Another fantasy writer I can't get into, though his writing is not bad, is George R.R. Martin. He also applies what I think are mistaken techniques to the genre, at least in the latest series he's been working on. I'd get more into this but it means I'd have to read up on current fantasy and I'm not sure I want to. To tell you the truth, I don't read much fantasy these days, except for the old ones.

Nazdar [TypeKey Profile Page]:

I came to Wheel of Time after about 7 or 8 books were out, so I read those in a fairly brief span. Seemed to me that Jordan didn't do so much recapitulate as simply hyperexpand his story to the extent that he lost control of his characters & story. I had heard about his illness (amyloidosis?), but apparently it is being treated with some encouraging results.

aelfheld [TypeKey Profile Page]:

Having cut my teeth on Tolkien, I have to agree with your assessment of David (and Leigh) Eddings. Dressing up post-modern fallacy with the trappings of fantasy is akin to putting lipstick on a pig - when it's all said and done, it's still a pig.

I would disagree with your take on Martin's "Song of Ice and Fire" series; while Byzantine in its complexity, there's little modern (or post-modern) in presentation or execution.

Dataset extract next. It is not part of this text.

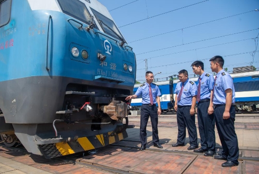 6月12日,中国铁路成都局集团有限公司重庆机务段渝怀线的列车司机们在进行工作交流。新华社记者 唐...

The "Wheel of Time" series is, I think, up to book nine, with no end in sight. If Jordan dies before it's finished, he will only have himself to blame.

CGHill [TypeKey Profile Page]:

"It was only a matter of time before they got to fantasy. Just about everything that is published today under that heading seems to be written for robots."

No small fraction of it seems to be written by robots.

wf [TypeKey Profile Page]:

I hate this tendency by certain people to pull everything from Shakespeare to Tolkien down into their own small frame of reference and make it vulgar and everyday. "Why are there no toilets on the Enterprise?" I did ask such questions myself, but I was about 14 at the time and wasn´t done growing. If only I had known that some people build whole careers on that "insight".